Hawaii’s party structure has developed differently. Because so many state politicians are gathered under the Democratic tent, describing everyone under the tent as a “Democrat” in the national usage of the term doesn’t work here, as we see from the two stories in this morning’s paper.

The Dems-who-meet-occasionally (the “party”) are the ones flailing around now with the issue of whether Laura Thielen is a Democrat. They have a certain power only within their own meeting rooms. As Thielen has shown, she can get on the ballot anyway, the Dems were impotent to stop her. According to the article in today’s paper, they currently are considering throwing her out of the party. That would look funny should she get elected despite their best efforts. Should she win office, she would be a player in the politics of the Legislature. Others have fit in—for example. Sen. Gabbard switched parties  and chairs the energy committee. In other words, once elected, one need not pay much attention to the Dems-who-meet-occasionally.

Thielen looks to me like a Republican. She served in Lingle’s cabinet as head of DLNR. When on the Bored of Ed, she livened proceedings considerably with her often out-of-order motions regarding breaking up the board, for example, which was the strategy Lingle was pushing.

But look at Case. So he favors “fixing” Social Security by raising the retirement age? That’s a line out of the Republican playbook and would hurt construction workers, for example. Social Security doesn’t need the “fixes” proposed by Republicans and Case, only an adjustment, somewhere down the road, similar to those made in the past. Raising the income threshold a bit, for example, would do it, and there’s no hurry. Case styles himself as a moderate, which is to say, to the right of many or most Hawaii Democrats.

So shouldn’t the Dems-who-meet-occasionally kick Case out of the party?

It doesn’t matter, because the real axis of power remains between the Speaker of the House and the Governor. What the Speaker wants, the Speaker gets.

In the Legislature, power is held first by the Speaker, who calls the shots through committee chair appointments and in other ways. Look upon the Speaker for a moment as the Shogun. The appointed committee chairs are then the feudal lords, who wield the considerable power allowed them only so long as they obey the shogun. Those whom we view as our elected representatives often have little, if any, power in this feudal system.

The committee chairs can direct votes on any measure. Chairs can defer (“kill”) a bill by edict, or can pass amendments that the committee members haven’t even seen, often written by the corporations or interests most affected by the pending legislation. And remember, House committee chairs are puppets. They serve at the whim of the Speaker. It’s similar in the Senate, where the President is a lesser shogun.

It is the Speaker who absolves conflicts of interest with a few words of approval. It is the Speaker who appoints the conference committee members and writes their scripts. Repeat for the Senate President, though his control there may be less intense. In truth, it’s hard to say, because the politics of the Hawaii legislature, in common with sister bodies elsewhere, is largely exercised behind closed doors.

So back to the question of who is a Democrat.
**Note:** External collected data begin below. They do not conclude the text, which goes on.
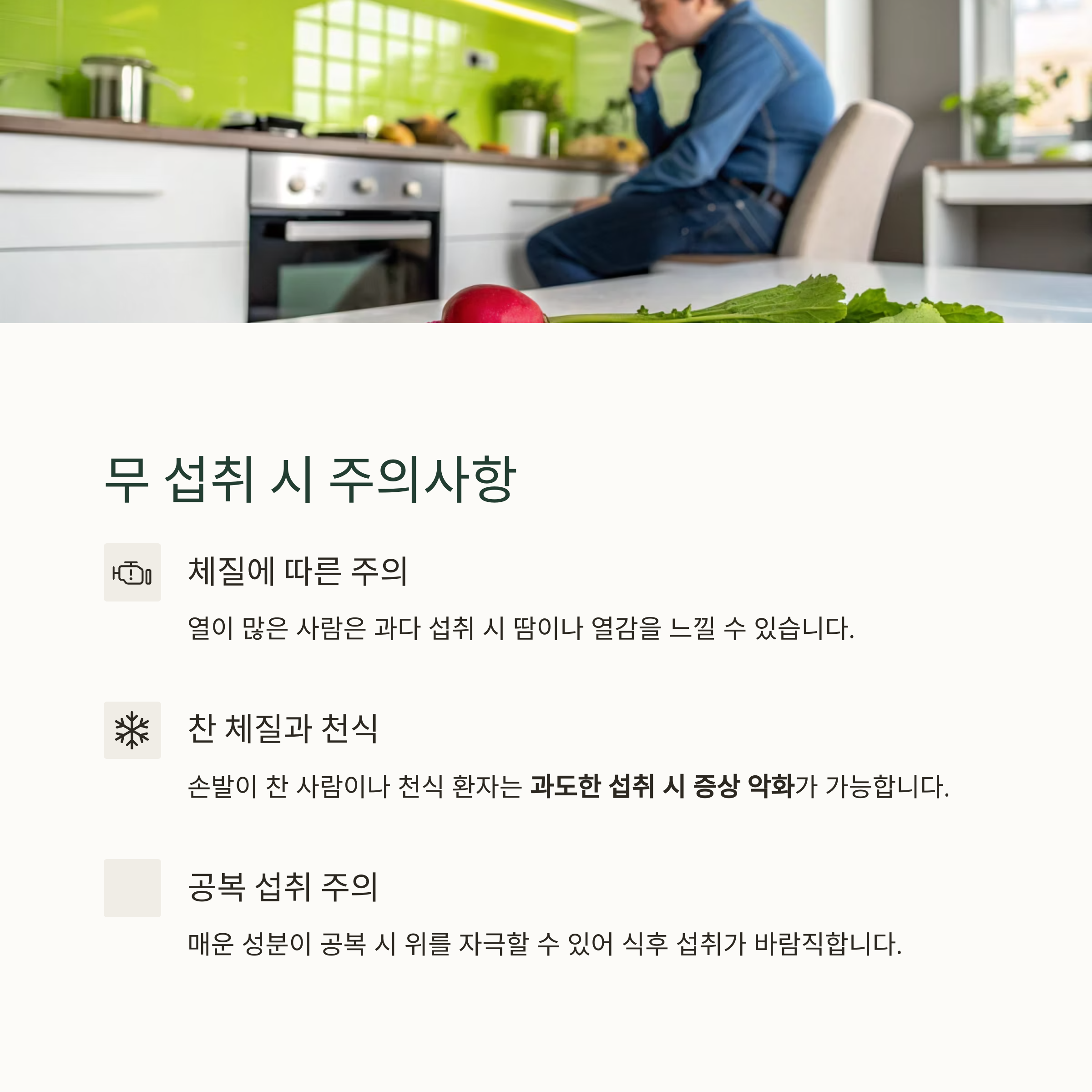 무는 일반적으로 안전한 식품이지만, 특정 체질에는 주의가 필요합니다.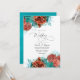 Turquoise and Coral Rustic Floral Wedding Invitation
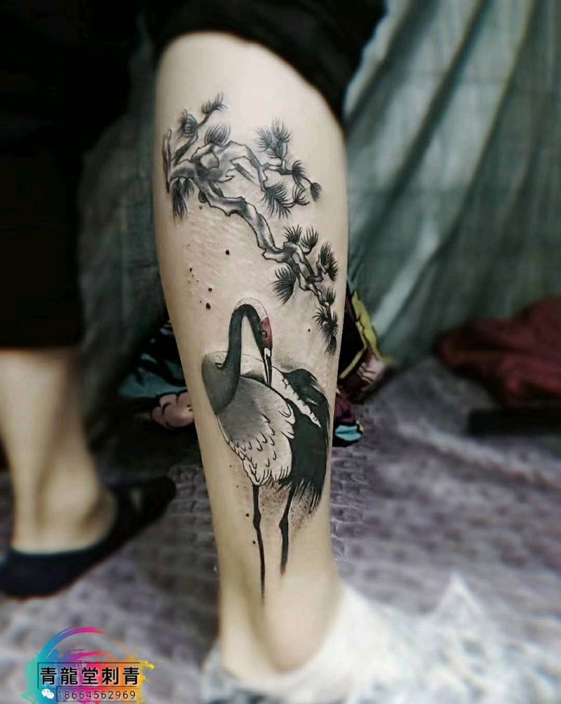 • T网红王老大花腿龙纹身图片_腿部新传统纹身图案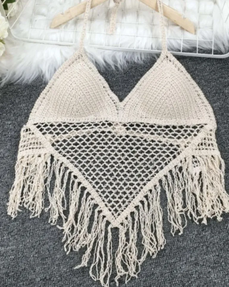 Produktdetails: Boho Spitzen Crochet Crop Top zum binden am Nacken und am Rücken. Top mit Spitze auf der Vorderseite und Fransen. Hippie Style Häkeltop in creme-beige.

Is Calvin Say a Democrat? This session saw bills pass that provide extensive exemptions to environmental protections, for example. At the national level, it is typically a Republican play to defeat environmental protections.

There’s only one designated Republican left standing in the Senate, and they are a small minority in the House. The Democrat’s tent is wide and welcoming, and those within it hold views both liberal and conservative. The Dems-who-meet-occasionally seem somewhat irrelevant. If Thielen is elected, she will negotiate her position with legislative leaders, not with party leaders. If Case gets elected, he’s a power unto himself, heck with party leaders anyway.

Should the Dems-who-meet-occasionally kick Thielen out of the party? Whatever. Hawaii has more pressing problems than that one.


After watching her actions in the Environment Committee at the Convention Thielen is an upper-case Democrat. On the other hand, based on what he said during the convention and then after watching/hearing him debate this week, Case is the classic DINO. Say and his buddies resemble nothing more than the Southern Democrats who fled the party starting in the 1960's and now make up the right-wing base of the RepublicaNOs.

"Dems-who-meet-occasionally (the 'party')" ?

Ouch! Well-played. That hurts, but it touches my heart in a special way during this trying time.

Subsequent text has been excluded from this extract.